Laila bercerita bahwa hobi menulisnya dimulai ketika ia masih kecil. Kedua orang tuanya sangat protektif sehingga ia tidak diperbolehkan melakukan aktivitas berat. Sepeninggal kedua orang tuanya ketika ia masih duduk di bangku SMP, hidup Laila terasa runtuh. Namun di tengah kesunyian dan kesedihan itu, ia menemukan pelarian melalui tulisan. “Tidak ada yang bisa saya lakukan selain menulis. Di sekitar saya hanya ada laptop dan buku,” kenangnya.

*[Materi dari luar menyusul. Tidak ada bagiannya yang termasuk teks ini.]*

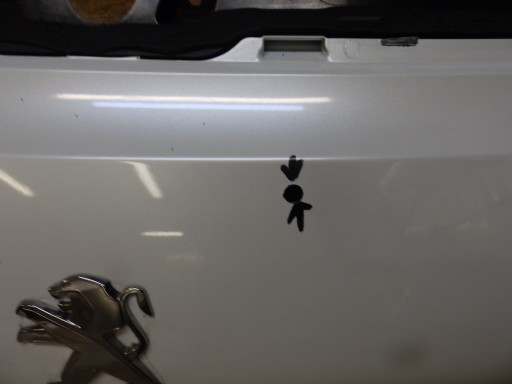 Klapa ma przewierconą dziurę, niewielkie pęknięcie wzmocnienia tylnego, lampa jest uszkodzona, co widać na zdjęciach.
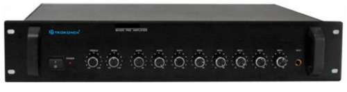 具有十一路输入(5路话筒输入、3路线路输入、2路紧急输入,一路网络信号输入)和两路输出。
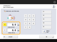 Appuyez sur <X> ou <Y> pour saisir la longueur de chaque côté avec le clavier numérique. ![]() Si vous enregistrez les formats de papier que vous utilisez fréquemment sur les touches <S1> à <S5>, vous pouvez les appeler en appuyant sur une seule touche. Enregistrement de papier de format libre (papier de format personnalisé) | |
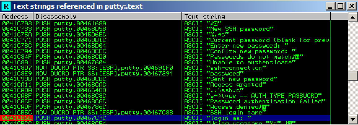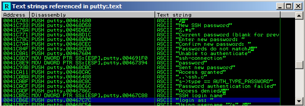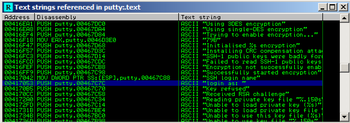 A "Text strings referenced in putty:.text" window opens, showing all the strings in the program.
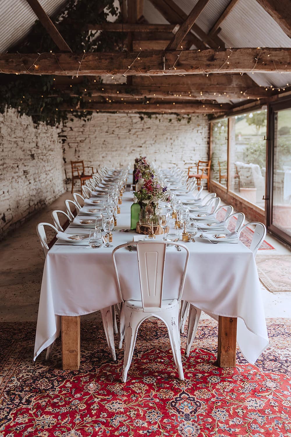 The Open Barn was the perfect place to host breakfast throughout the weekend, a sheltered spot on a sunny morning, transformed to a twinkling cosy corner for cake and cocktails at dusk. The Long Barn ceremony room by day, a club by night. Front lawn for Friday welcome drinks, post-ceremony canapés and Sunday evening BBQ. The Mound for our morning cup of tea, watching the swallows, and then for golden hour group photos later in the day. And the house for all the creature comforts throughout.
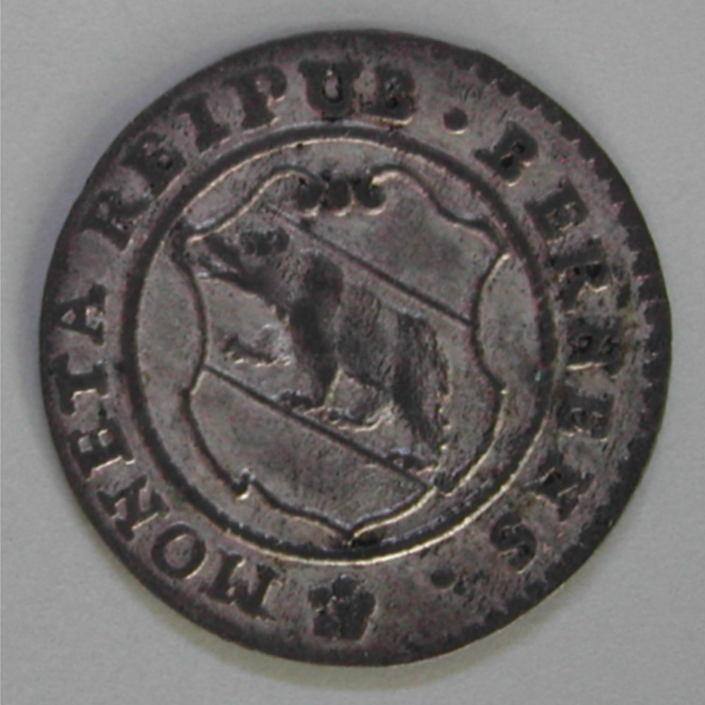 AS: MONETA REIPUB • BERNENS • ✿, Bär in geschweiftem Wappen nach links oben steigend
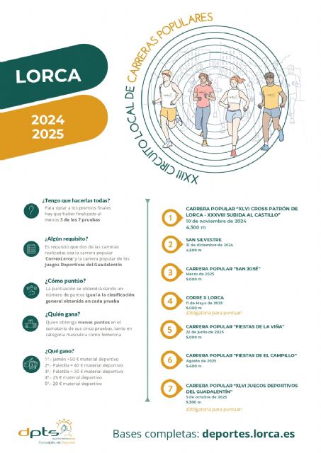 Las siete pruebas incluidas en el Circuito son: el Cross Patrón de Lorca, la San Silvestre del próximo mes de diciembre, la carrera popular de San José en marzo, el 'CorrexLorca' en mayo, la carrera popular 'Fiestas de La Viña' en junio, la carrera popular de Campillo en agosto y la carrera popular de los XLVI Juegos Deportivos del Guadalentín (JDG).
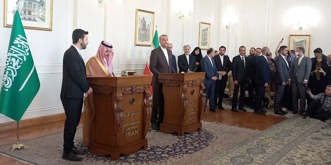 وقال عبد اللهيان في مؤتمر صحفي مشترك مع بن فرحان: “متفقون على أهمية تشكيل لجان سياسية واقتصادية وحدودية مشتركة، وسنمضي قدماً باتجاه التنفيذ عقب تصديق التوافقات من قبل قادة البلدين”.
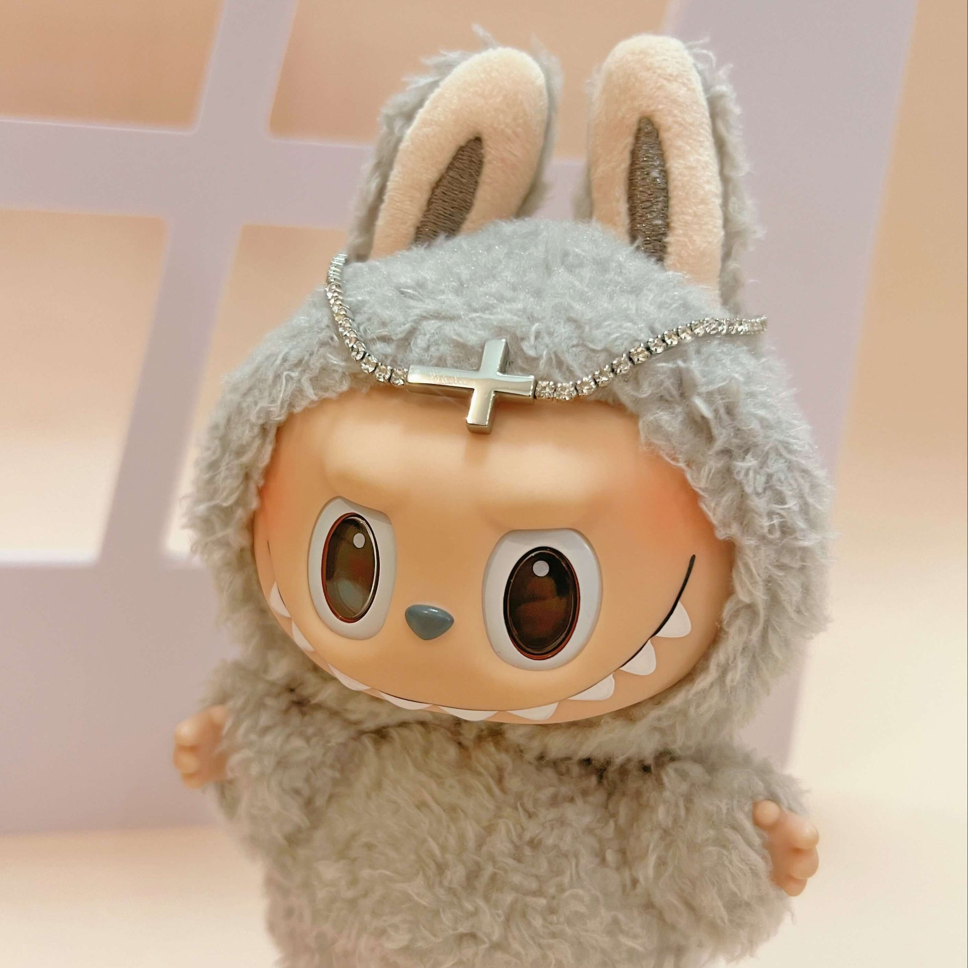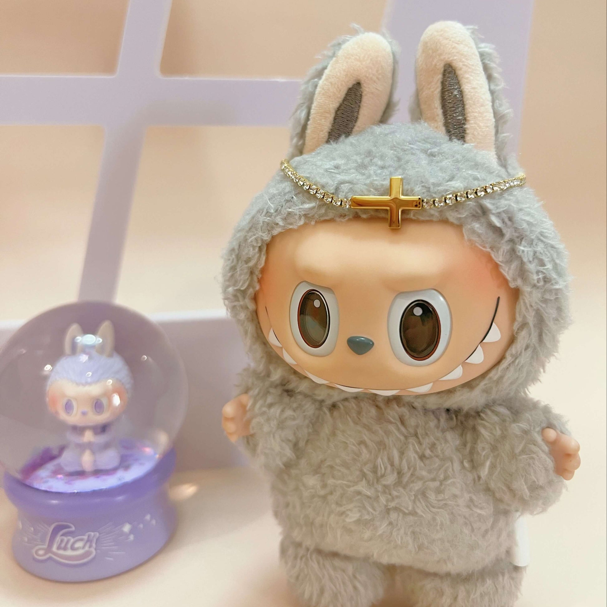 This mini head chain crown features a rhinestone cross centerpiece—perfect for styling “Labubu-size” dolls and other similar 17cm plush figures for photos, display, or gifting.
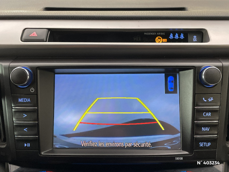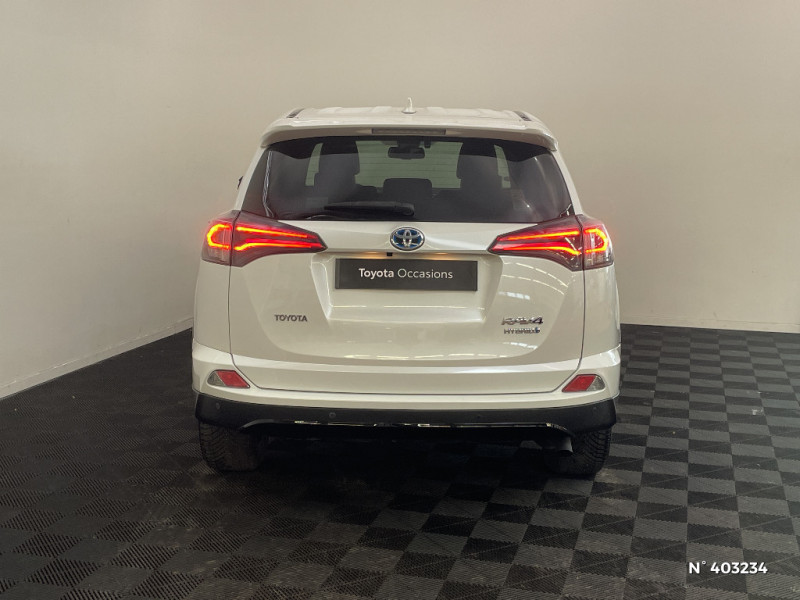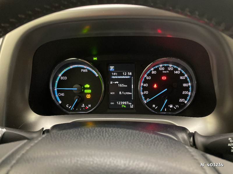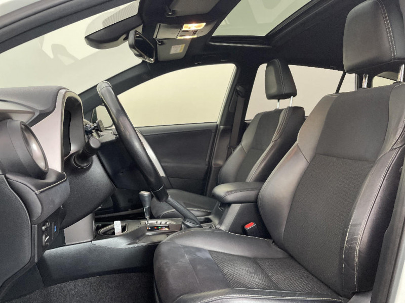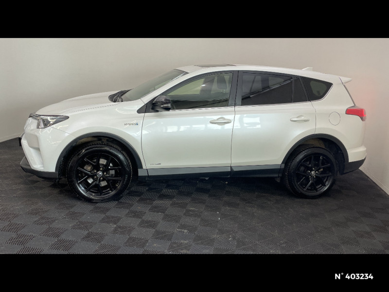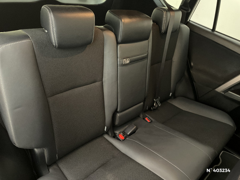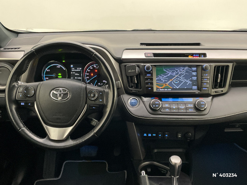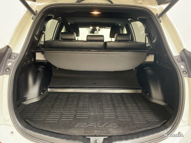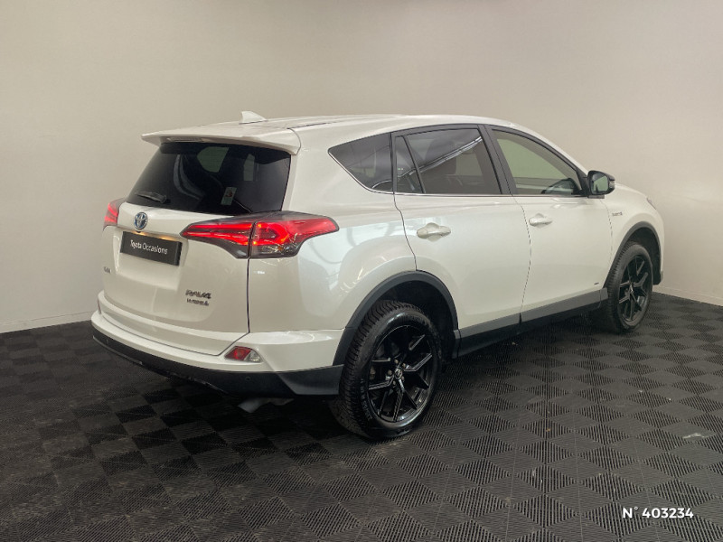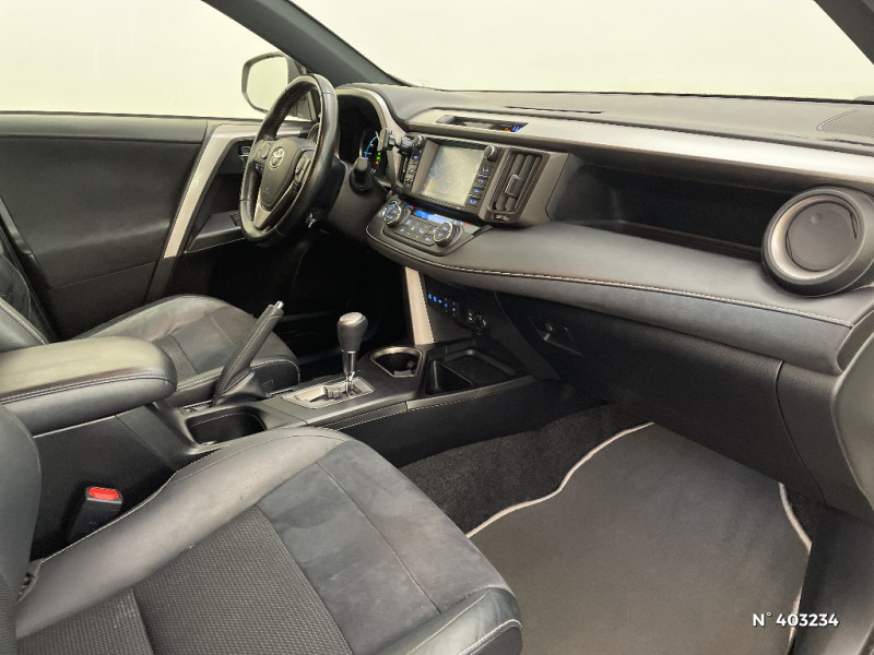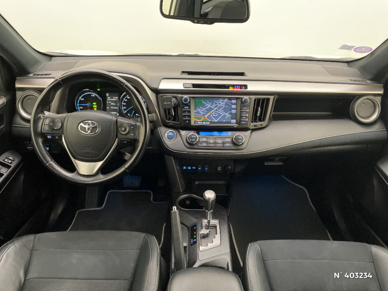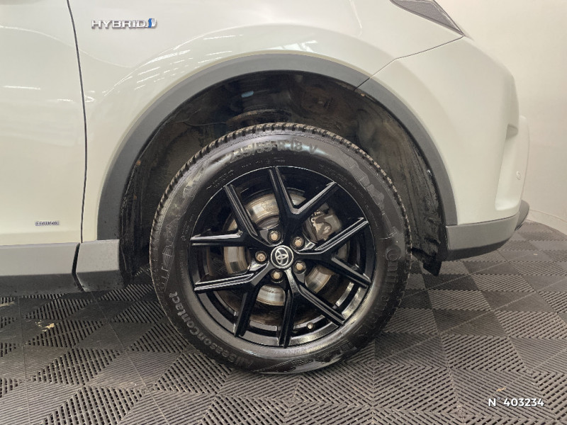 Rétroviseur intérieur électrochromatique (position jour/nuit automatique) / Système audio Toyota Touch 2: Ecran couleur tactile 7" multifonction, système de téléphonie Bluetooth, connectique auxiliaire/USB compatible iPod et 6HP / Système de contrôle de la motricité (TRC) et de stabilité (VSC) / Système de freinage antiblocage ABS + BA + EBD / Système d'ouverture et de démarrage sans clé (Smart Entry & Start) / Système intelligent de plancher plat / Tapis de sol AV et AR en velours RAV4 Hybrid / Toit ouvrant électrique en verre / Toyota Safety Sense / Vitres AV et AR électriques à fonction antipincement + descente et remontée à impulsion pour le conducteur / Airbags protège-genoux conducteur / Antenne type requin / Badge spécifique "Black Edition" / Bandeau de planche de bord gainé de cuir noir / Ceintures de sécurité avant réglables en hauteur, avec prétensionneurs et limiteurs de force / Ciel de pavillon gris / Ciel de pavillon noir / Climatisation à régulation automatique et à réglages séparés bi-zone / Coques de rétroviseurs noires / Direction assistée électrique (EPS) / Ecran couleur multifonctions TFT 4.1" / Essuie-glaces AV à détecteur de pluie / Fermeture centralisée avec commande à distance / Indicateur de sous-gonflage des pneus / Indicateur de température extérieure / Jantes alliage 18" Tanami noires / Accoudoir central AV avec compartiment de rangement / Poignées de portes et rétroviseurs extérieurs couleur carrosserie / Protections de soubassement AV et AR noires / Rétroviseurs extérieurs électriques et dégivrants avec rappels de clignotants intégrés
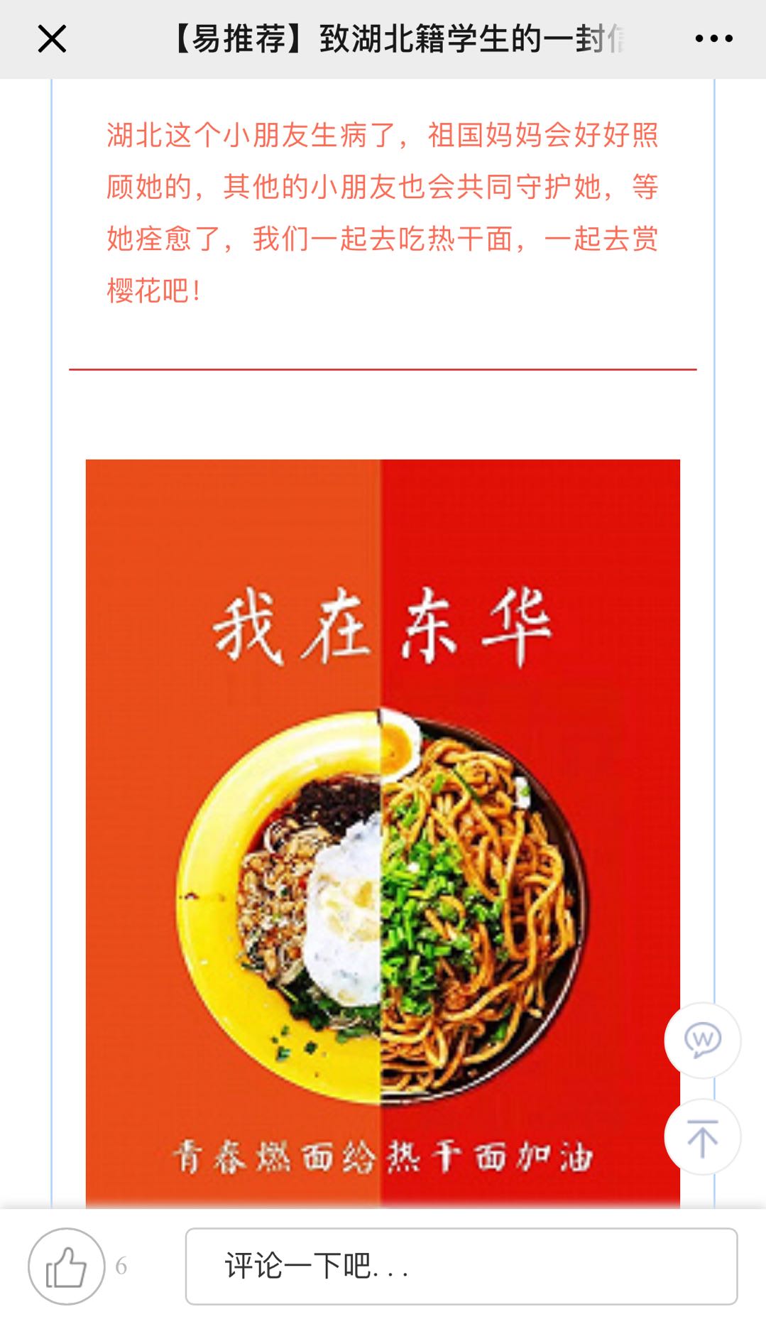 “你不要怕,我也不怕。我们深信黑暗终将消散,光明即将到来;爱和希望比疫情蔓延的更快。”“寒不敌温暖、毒不侵正义。中国加油,武汉加油!”“隔离的是病毒,凝聚的是人心。加油,武汉!我们与你们在一起!”疫情期间,各学院纷纷组织团支部开展“云”主题团日活动,同学们以抗疫祝福、手绘手写、拍摄vlog短视频等形式传递对武汉、对湖北、对中国的祝福和支持,一句句温情的话语、一幅幅原创设计作品、一个个加油视频背后是东华学子们一颗颗滚烫的心,与武汉同胞心在一起,齐心协力,共克时艰,为打赢疫情防控阻击战积极贡献青春力量。
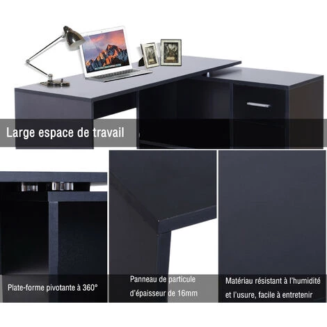 Le bureau informatique Corner de Mycocooning est assez grand pour accueillir un ordinateur, une imprimante et d’autres périphériques. Une étagère de rangement sur 2 niveaux et un rangement latéral permettent d’y entreposer les livres, câbles et autres fournitures. La grande qualité de ce bureau, c’est qu’il est amovible. On peut bouger la partie plateau et la partie étagère pour en faire un meuble d’angle, déplier l’ensemble en un long meuble droit ou encore réunir le tout dans un ensemble compact qui ne prend que peu de place.
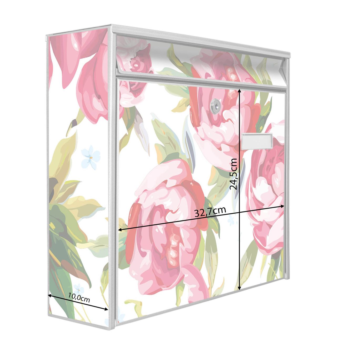 Der Burg Wächter Mail Briefkasten mit Motiv Rosen Rustikal bietet Ihnen mit seinem Fassungsvermögen genügend Platz auch für große A4 Sendungen. Auf Wunsch können Sie bei uns den passenden Standfuß kaufen und so aus dem Wandbriefkasten einen Standbriefkasten machen. Wir bieten Ihnen ebenfalls Namensschilder, bereits beschriftet oder frei zu beschriften, und verschiedene selbst gestaltete Bitte-Keine-Werbung-Aufkleber.
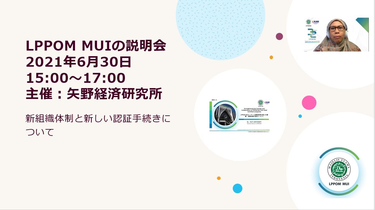 6月30日(水)に矢野経済研究所主催でオンラインにてLPPOM MUIディレクターによる認証手続きの新体制についての説明会(無料セミナー)は、80名近くの日本企業のご担当者に参加頂きました。これまで30年以上インドネシアのハラール認証機関としての実績を持つLPPOM MUIは、2019年にBPJPHより最初に政府公認のハラール検査機関として認定され、政府の法規制との整合性を維持しつつ認証を受ける企業側の現状と利便性を理解する立場から新しいルールや組織体制を検討してきております。この度、MUIのハラール判定の有効期限を4年に延長できるコンバージョン手続きやUAE等の輸出先国の規制に合わせる有効期限の新しいルール、認証取得手続きの短縮のための新しいルールについても説明されました。
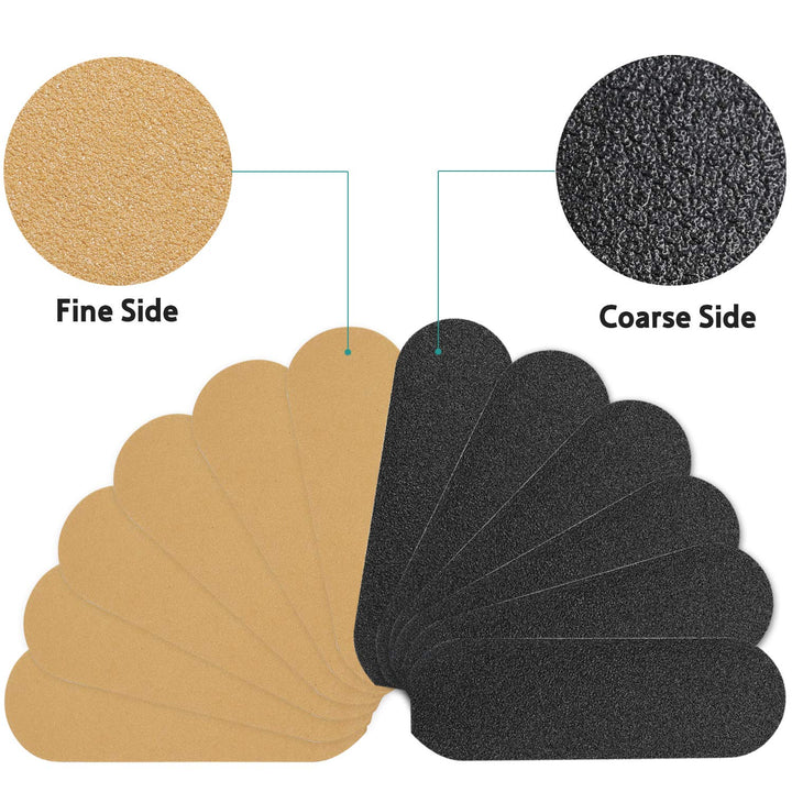 - About Package: Coming with 12 refilled pads which easy to tear. it includes one foot file + 12 pieces of spare abrasive papers (6 pcs coarse,6 pcs fine).if you face problems while using our product, please feel free to contact us.
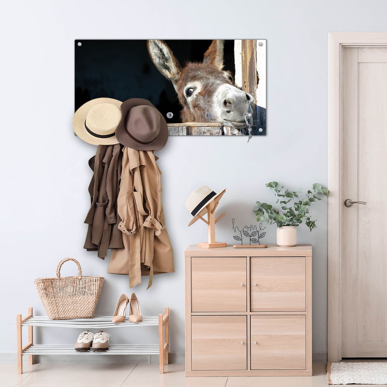 Bitte beachten Sie, dass an dieser Garderobe nur starke Neodym-Magnete halten! FUNKTION: Die banjado Wandgarderobe mit Motiv Nicki ist Ihr täglicher Begleiter. Zuverlässig hängen hier Ihre Jacken und Mäntel griffbereit. Gleichzeitig ist die Design Garderobe magnetisch, Sie können Notizen anheften und durch das Echtglas ist Ihr Paneel auch beschreibbar und wieder abwischbar. DESIGN: Sie erhalten eine Garderobenleiste aus elegantem Echtglas mit dem Farbbrillanten Motiv Nicki hinterklebt. Das Design ist zeitlos klassisch, ohne dabei auf Funktionalität zu verzichten. Suchen Sie aus einer Vielzahl von Motiven das für Ihre Einrichtung Passende aus. DETAILS: Die Flurgarderobe besteht aus 4mm gehärtetem Sicherheitsglas. Sie ist 80cm breit, 40cm hoch und 6cm tief. Die Garderobenhaken zur Selbstmontage präsentieren sich in Edelstahl-Optik, ebenso die Abstandshalter für die Wandmontage. Ihre neue Garderobe ist sofort einsatzbereit. NUTZEN: Ihre neue Garderobe hält nicht nur zuverlässig Ihre Kleidung, sie ist auch optisch ein Blickfang. Durch die magnetische Wirkung können Sie mit 4 beigefügten extrastarken Neodym-Magneten Notizen anheften und mit wasserlöslichen Kreidestiften oder Whiteboard-Markern auch Nachrichten hinterlassen. BANJADO: Wir sind ein kleines kreatives Team aus Sachsen und entwickeln Produkte die Design und Funktionalität verbinden sollen. Viel Freude mit Ihrer neuen Garderobe wünscht das banjado-Team!
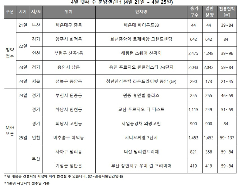 특히 올해는 수도권에서 1,000가구 넘는 대단지 공급 소식이 전무한 상황이었지만 4월 넷째 주 올해 첫 수도권 대단지 공급이 예고돼 있다.

Kisah-kisah yang ia tulis awalnya hanya sebagai cara untuk menenangkan diri. Namun seiring waktu, karyanya justru menjadi motivasi bagi banyak pembaca, terutama mereka yang juga mengalami keterbatasan. “Buku ini sebenarnya sebagai penguatan diri sendiri. Saya tidak pernah menyangka bisa menjadi penyemangat bagi orang lain,” tuturnya.

Perjalanan hidup Laila tak selalu mudah. Ia pernah dikunci di kamar mandi oleh teman sekolahnya, pernah takut untuk berangkat sekolah, dan sempat trauma menghadapi lingkungan yang tidak ramah. Namun tekadnya untuk bertahan membuatnya terus melanjutkan pendidikan. Bahkan pada 2019, ia sempat menjadi guru bagi penyandang disabilitas sebelum akhirnya kontraknya berakhir.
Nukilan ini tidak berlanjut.